→ **ACTION ITEM**
For the entries below, print exactly the lines between the line holding "中建三局火神山醫(yī)院建" and the line holding "Based in Copenhagen, Stine", inclusive, and nothing else.

→ **RECORDS PROVIDED**
+++
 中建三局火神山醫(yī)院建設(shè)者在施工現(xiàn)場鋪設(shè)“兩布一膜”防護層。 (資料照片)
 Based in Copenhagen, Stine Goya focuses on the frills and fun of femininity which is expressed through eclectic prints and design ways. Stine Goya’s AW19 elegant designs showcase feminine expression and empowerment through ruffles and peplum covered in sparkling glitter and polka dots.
+++
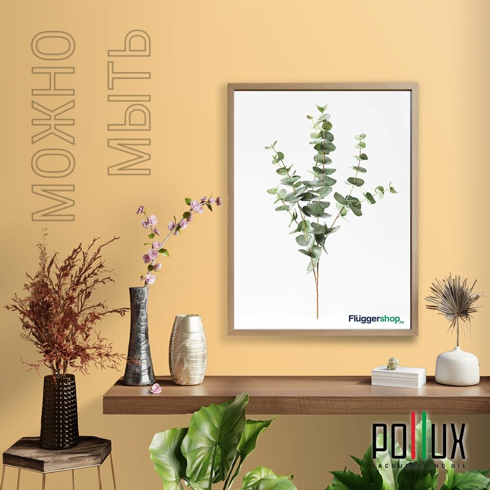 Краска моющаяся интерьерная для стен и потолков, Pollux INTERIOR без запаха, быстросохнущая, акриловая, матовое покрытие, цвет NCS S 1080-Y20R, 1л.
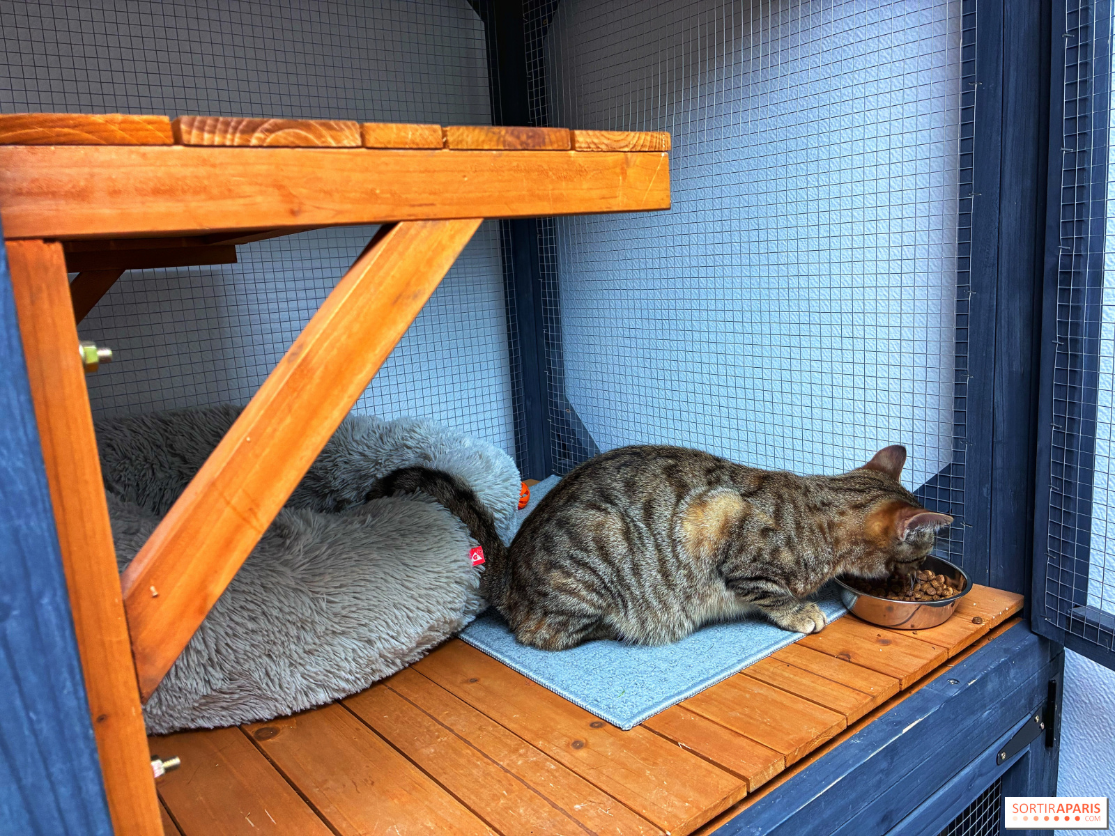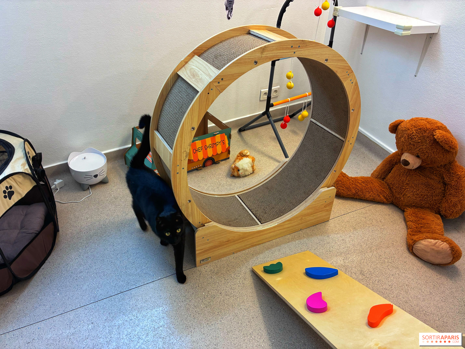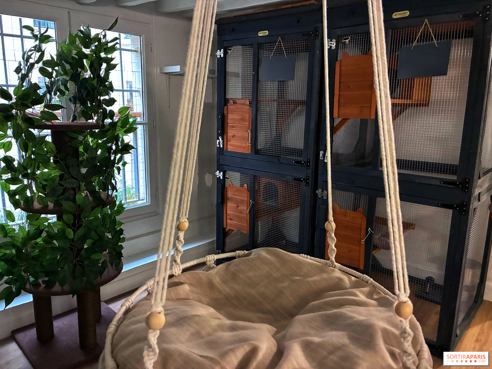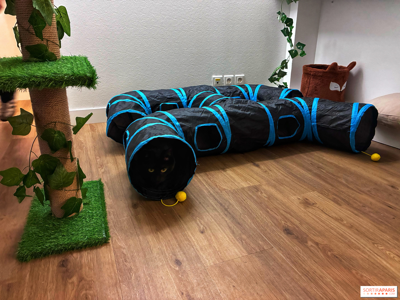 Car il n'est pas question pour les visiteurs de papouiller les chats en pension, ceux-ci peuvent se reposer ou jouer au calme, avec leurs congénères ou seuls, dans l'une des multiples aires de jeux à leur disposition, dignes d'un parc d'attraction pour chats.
+++
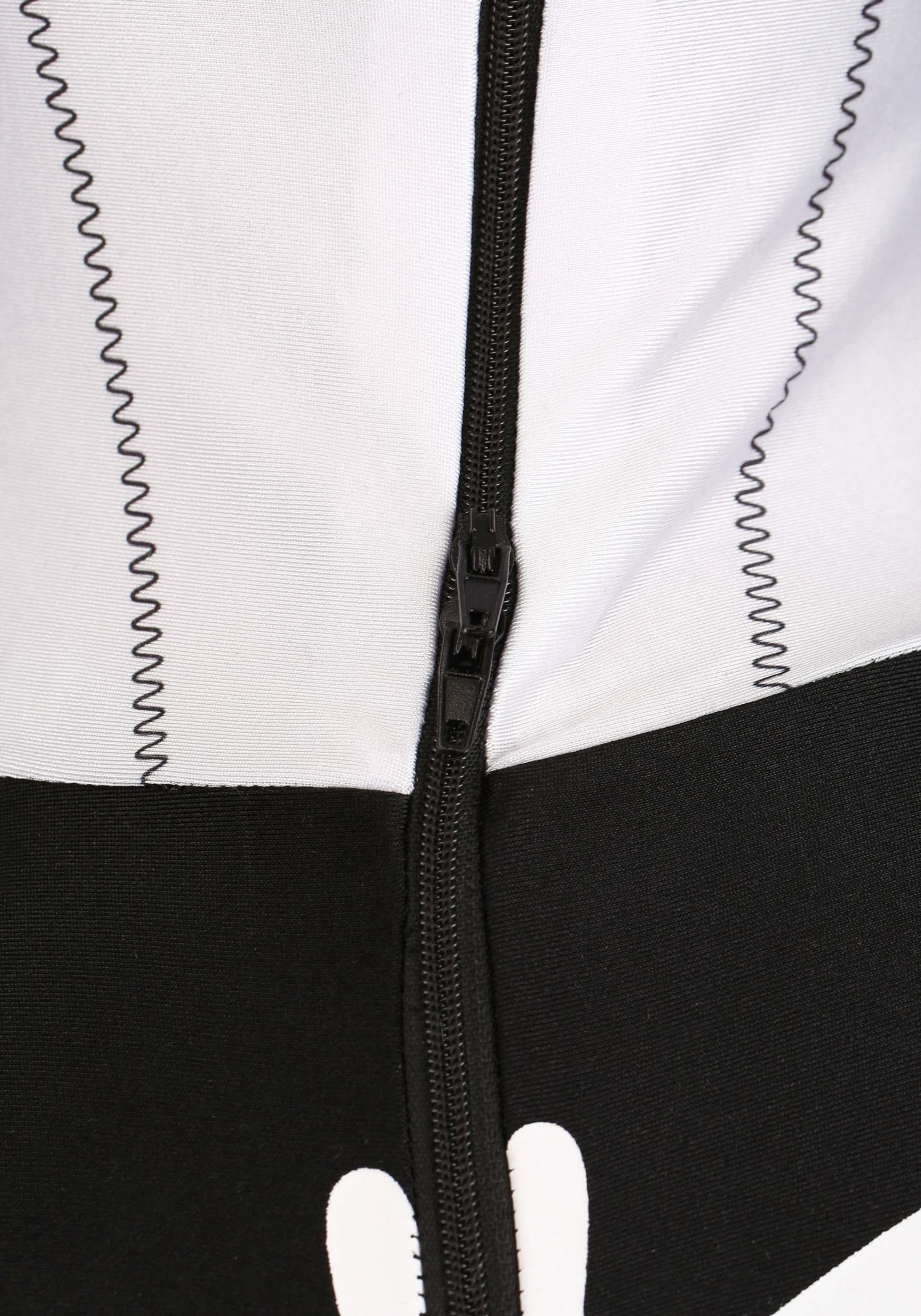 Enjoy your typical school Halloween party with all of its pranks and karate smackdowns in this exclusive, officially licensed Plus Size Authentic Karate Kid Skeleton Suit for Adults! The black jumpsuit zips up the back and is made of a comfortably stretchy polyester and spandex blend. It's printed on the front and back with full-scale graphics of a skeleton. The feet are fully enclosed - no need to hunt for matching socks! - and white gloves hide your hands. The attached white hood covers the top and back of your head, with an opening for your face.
+++
→ **RESULT OF THIS EXERCISE**
 中建三局火神山醫(yī)院建設(shè)者在施工現(xiàn)場鋪設(shè)“兩布一膜”防護層。 (資料照片)
 Based in Copenhagen, Stine Goya focuses on the frills and fun of femininity which is expressed through eclectic prints and design ways. Stine Goya’s AW19 elegant designs showcase feminine expression and empowerment through ruffles and peplum covered in sparkling glitter and polka dots.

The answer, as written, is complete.